Printed Name:   Kathleen P. Wolff, EveryStep LLC     Printed Name:   Gary Herick
Date:   December 3, 2014     Date:   December 3, 2014
Signature:  

 

    Signature:  

/s/ Gerry Crocker

Printed Name:   Malcolm Gray     Printed Name:   Gerry Crocker, CannaPharmaRx
Date:   December 3, 2014     Date:   December 3, 2014


EXHIBIT B

7. Confidentiality, Return of Property, and Covenant Not to Compete.

A. Confidential Information.

(1) Company Information. The Company agrees that it will provide the Executive with Confidential Information, as defined below, that will enable the Executive to optimize the performance of the Executive’s duties to the company. In exchange, the Executive agrees to use such Confidential Information solely for the Company’s benefit. The Company and the Executive agree and acknowledge that its provision of such Confidential Information is not contingent on the Executive’s continued employment with the company. Notwithstanding the preceding sentence, upon the termination of the Executive’s employment for any reason, the Company shall have no obligation to provide the Executive with its Confidential Information. “Confidential Information” means any Company proprietary information, technical data, trade secrets or know-how, including, but not limited to, research, product plans, products services, customer lists and customers (including, but not limited to, customers of the Company on whom the Executive called or with whom the Executive became acquainted during the term of the Executive’s employment), markets, software, developments, inventions, processes, formulas, technology, designs, drawings, engineering, hardware configuration information, marketing finances or other business information disclosed to the Executive by the Company either directly or indirectly in writing, orally or by drawings or observation of parts or equipment. Confidential Information does not include any of the foregoing items which has become publicly known and made generally available through no wrongful act of the Executive or of others who were under confidentiality obligations as to the item or items involved or improvements or new versions.

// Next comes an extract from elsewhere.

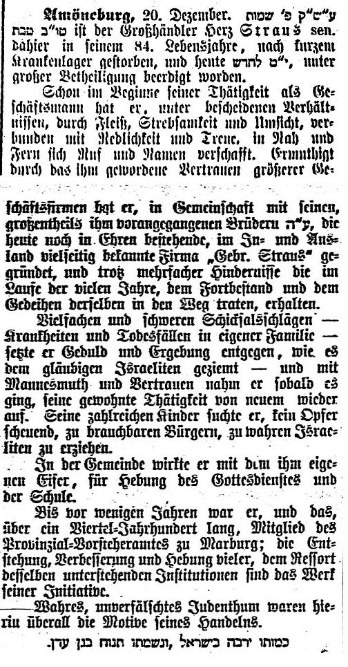 Von den Gemeindevorstehern werden genannt: um 1860 Salomon Strauß, um

The Executive agrees at all times during the Term and thereafter, to hold in strictest confidence, and not to use, except for the exclusive benefit of the Company, or to disclose to any person or entity without written authorization of the Board of Directors of the Company, any Confidential Information of the Company.

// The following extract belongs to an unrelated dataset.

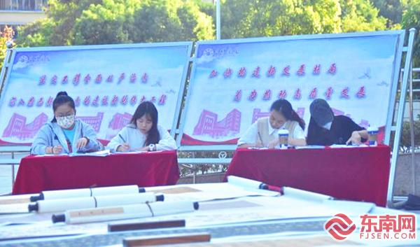 在书写技能系列活动中,共收集硬笔字、毛笔字等书法作品100余件,同学们以笔墨献礼二十大,充分展示学院师生朝气蓬勃、积极向上的精神风貌。

(2) Former Employer Information. The Executive agrees that he will not, during her employment with the Company, improperly use or disclose any proprietary information or trade secrets of any former employer or other person or entity and that the Executive will not bring onto the premises of the Company any unpublished document or proprietary information belonging to any such employer, person or entity unless consented to in writing by such employer, person or entity.

(3) Third Party Information. The Executive recognizes that the Company has received and in the future will receive from third parties their confidential or proprietary information subject to a duty on the Company’s party to maintain the confidentiality of such information and to use it only for certain limited purposes. The Executive shall hold all such confidential or proprietary information in the strictest confidence and not disclose it to any person or entity or use it except as necessary in carrying, out the Executive’s work for the Company consistent with the Company’s agreement with such third party.


B. Returning Company documents. At the time of leaving the employ of the Company, the Executive will deliver to the Company (and will not keep in the Executive’s possession) specifications, drawings blueprints, sketches, materials, equipment, other documents or property, or reproductions of any aforementioned items developed by the Executive pursuant to the Executive’s employment with the Company or otherwise belonging to the Company, its successors or assigns.